The output must match the lines from the first line of the listing below through the line holding "Schildkap Dublin biedt" exactly and must contain no pictures.

Given data:
+===+
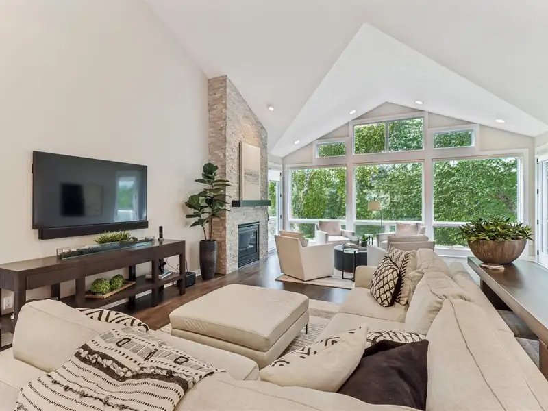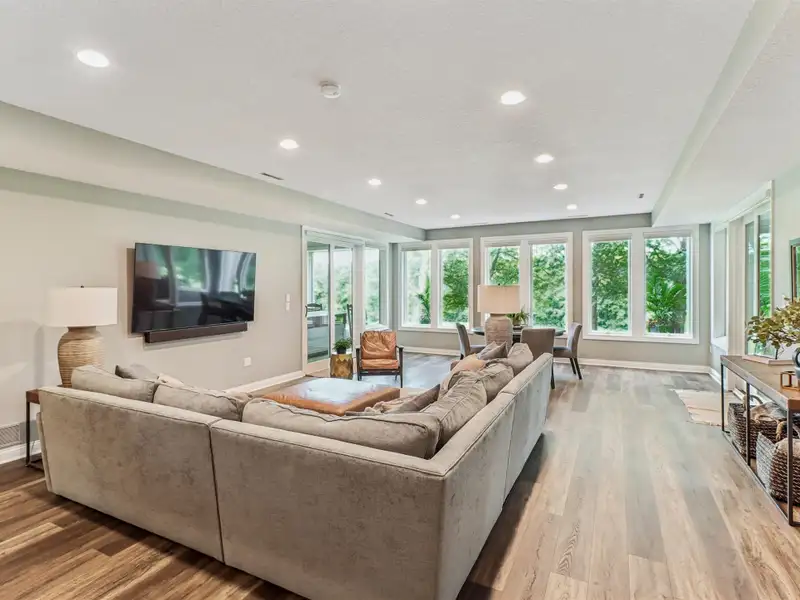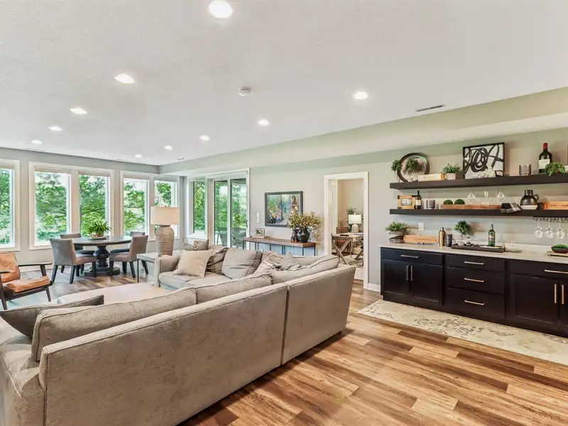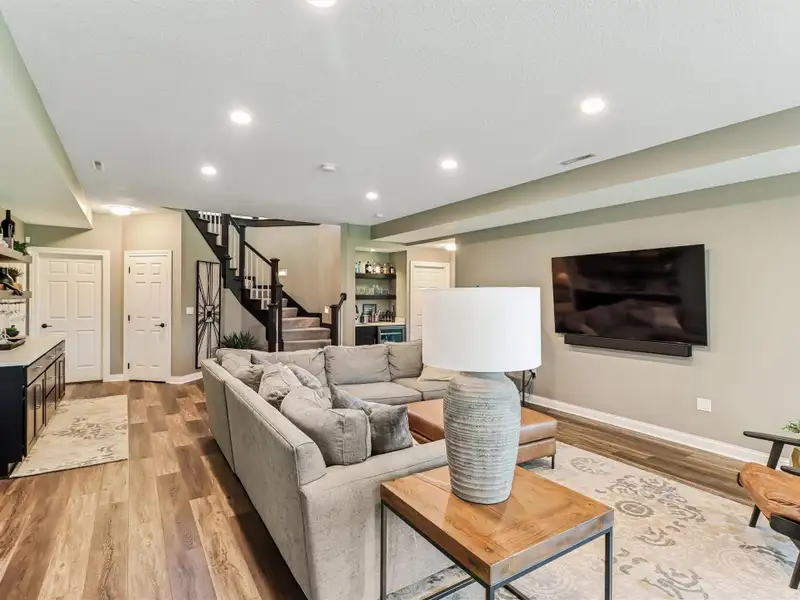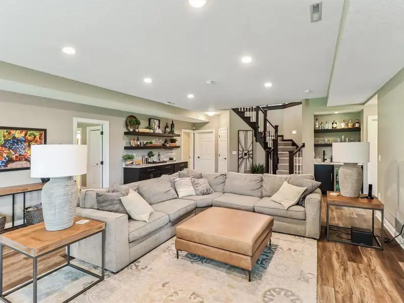 - Finished lower level with custom bar
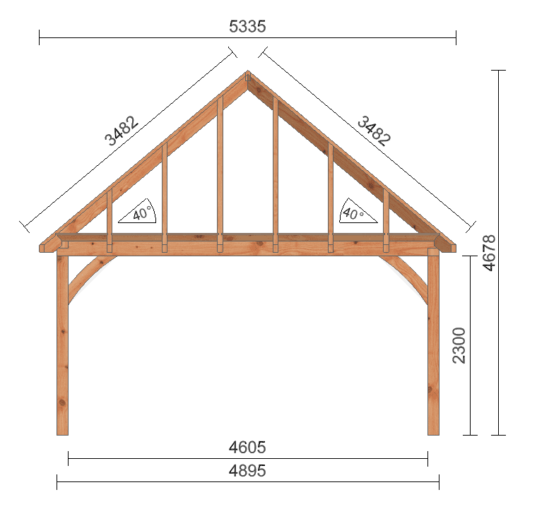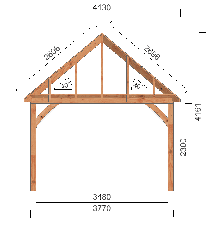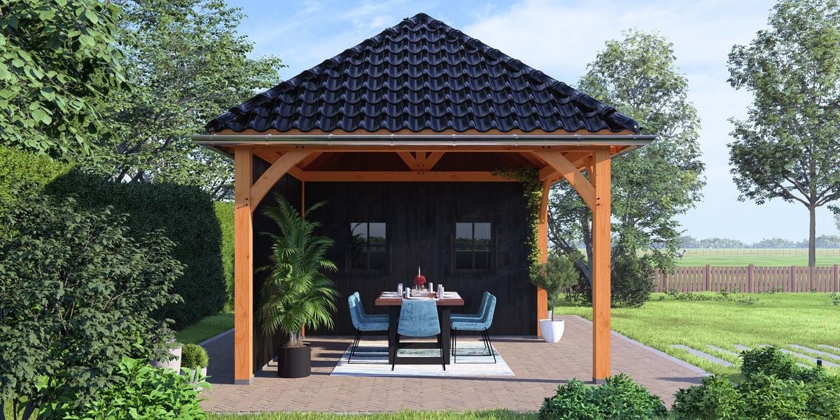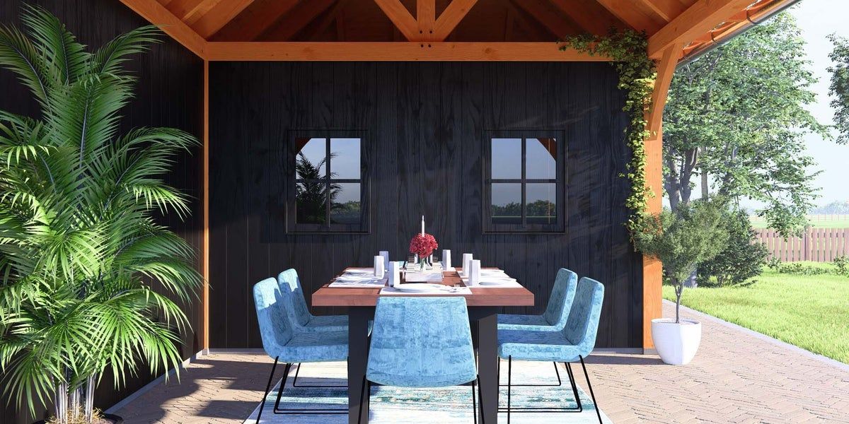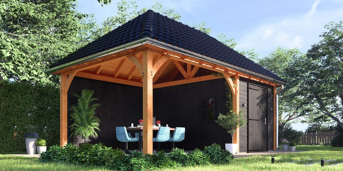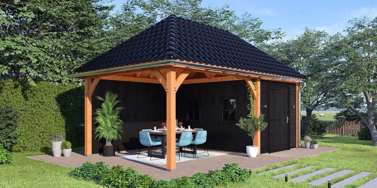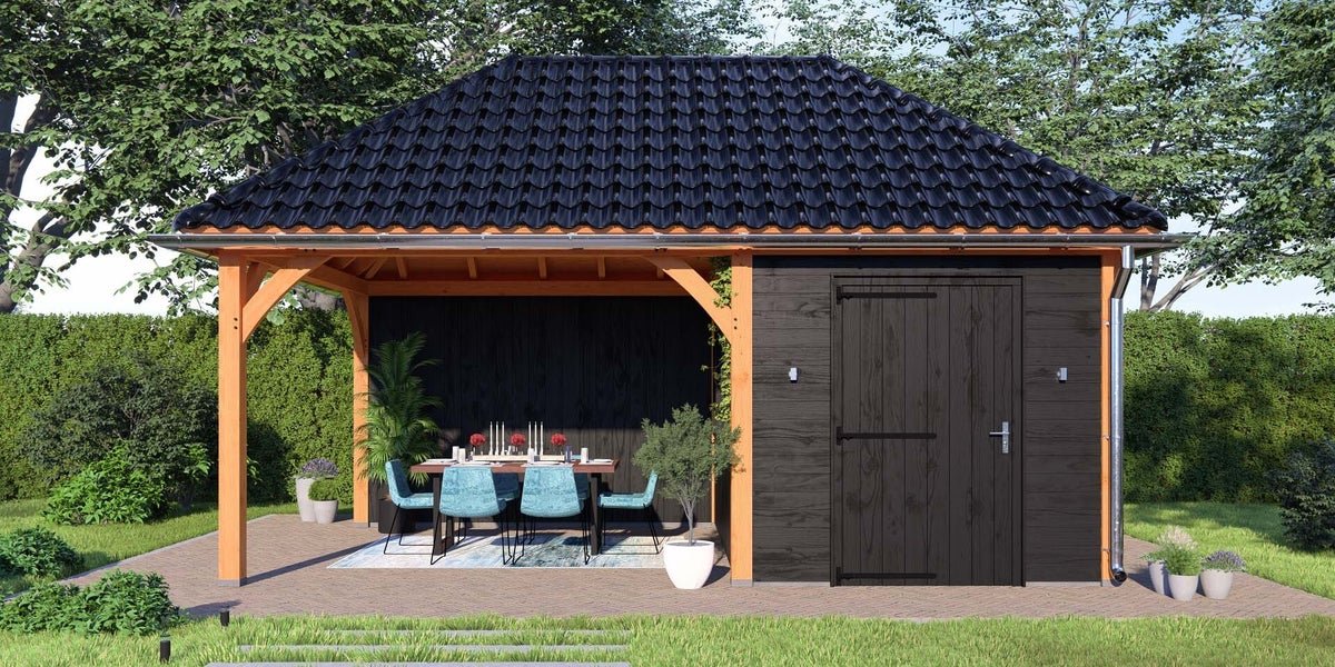 Schildkap Dublin biedt een praktische en sfeervolle aanvulling aan uw tuin of erf. Bovendien dragen de ronde schoren bij aan de rustieke uitstraling. Het ontwerp past bij onder andere een traditionele boerderij en kan worden voorzien van een vide, waardoor het ook kan functioneren als schuur of opbergplek.
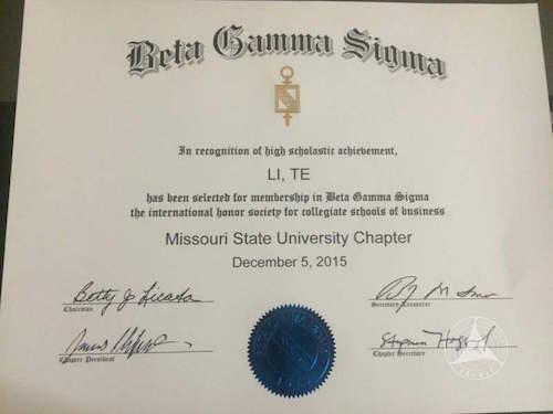 李特同学,在密大学习期间各门成绩全A,是密大商学院TOP 10 的学生,荣获2015年度“世界商学院组织”荣誉奖章,成为该组织的终身会员。会员身份是世界各地AACSB认证的著名商学院本科生和研究生所获得的商务和管理领域的最高荣誉,也是李特同学商务和管理领域职业发展的一种象征和殊荣,未来可以与全球商务精英一同参与该组织在全球的系列活动。
+===+
Solution:
 - Finished lower level with custom bar
 Schildkap Dublin biedt een praktische en sfeervolle aanvulling aan uw tuin of erf. Bovendien dragen de ronde schoren bij aan de rustieke uitstraling. Het ontwerp past bij onder andere een traditionele boerderij en kan worden voorzien van een vide, waardoor het ook kan functioneren als schuur of opbergplek.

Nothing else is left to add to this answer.